Settings
General
Inference perameters
Inference parameters are NOT configured through any individual agent.
Please see the Inference presets section for more information on how to configure inference parameters.
Client
The text-generation client to use for conversation generation.
Auto Break Repetition
If checked and talemate detects a repetitive response (based on a threshold), it will automatically re-generate the resposne with increased randomness parameters.
Natural Flow
When there are multiple characters in the scene, this will help the AI to keep the conversation flowing naturally, making sure turns are somewhat evenly distributed, and also checking that the most relevant character gets the next turn, based on the context.
Max. Auto turns
Maximum turns the AI gets in succession, before the player gets a turn no matter what.
Max. Idle turns
The maximum number of turns a character can go without speaking before the AI will force them to speak.
Generation
Format
The dialogue format as the AI will see it.
This currently comes in two choices:
Screenplay
Chat (legacy)
Visually this will make no difference to what you see, it may however affect how the AI interprets the dialogue.
Generation Length
The maximum length of the generated dialogue. (tokens)
Jiggle
The amount of randomness to apply to the generation. This can help to avoid repetitive responses.
Task Instructions
Extra instructions for the generation. This should be short and generic as it will be applied for all characters. This will be appended to the existing task instrunctions in the conversation prompt BEFORE the conversation history.
Actor Instructions
General, broad isntructions for ALL actors in the scene. This will be appended to the existing actor instructions in the conversation prompt AFTER the conversation history.
Actor Instructions Offset
If > 0 will offset the instructions for the actor (both broad and character specific) into the history by that many turns. Some LLMs struggle to generate coherent continuations if the scene is interrupted by instructions right before the AI is asked to generate dialogue. This allows to shift the instruction backwards.
Long Term Memory
If enabled will inject relevant information into the context using relevancy through the Memory Agent.
Context Retrieval Method
What method to use for long term memory selection
Context queries based on recent context
- will take the last 3 messages in the scene and select relevant context from them. This is the fastest method, but may not always be the most relevant.Context queries generated by AI
- will generate a set of context queries based on the current scene and select relevant context from them. This is slower, but may be more relevant.AI compiled questions and answers
- will use the AI to generate a set of questions and answers based on the current scene and select relevant context from them.

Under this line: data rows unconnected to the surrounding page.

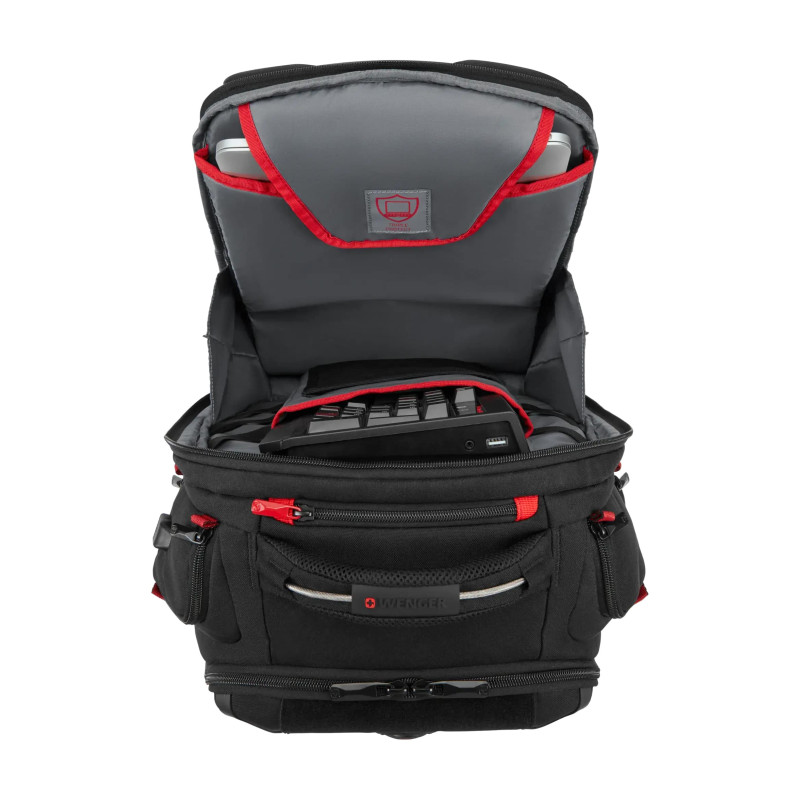 – Triple Protect padded laptop compartment with cooling mesh side panels holds a 17.3” gaming laptop
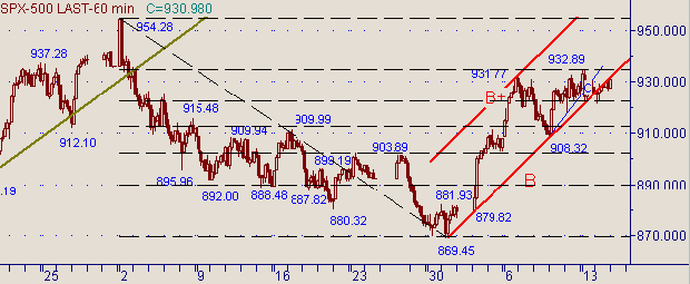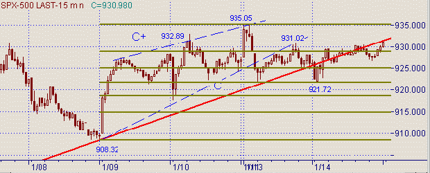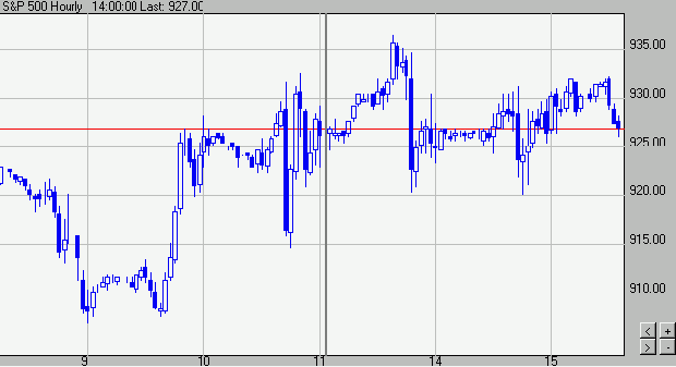 и 3 приведены графики с периодами 15 мин.(индекс S&P500), 60 мин. (индекс S&P500), 60мин.(фьючерс на S&P500).Рынок не пошел ни наверх графика ни вниз, а значение индекса стали изменяться в коридоре. Вчерашний минимум повторно протестировал уровень 50% коррекции от роста 908.32(9/01/03)-935,05(13/01/03) −см. на рис. 1. Таким образом, линия
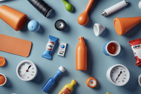 A diverse collection of small, everyday items made from plastic and metal, arranged neatly on a clean white surface, captured from a top-down perspective.

This is the slowest, and not necessarily better than the other methods.
Number of queries
This settings means different things depending on the context retrieval method.
- For
Context queries based on recent context
this is the number of messages to consider. - For
Context queries generated by AI
this is the number of queries to generate. - For
AI compiled questions and answers
this is the number of questions to generate.
Answer length
The maximum response length of the generated answers.
Cache
Enables the agent wide cache of the long term memory retrieval. That means any agents that share the same long term memory settings will share the same cache. This can be useful to reduce the number of queries to the memory agent.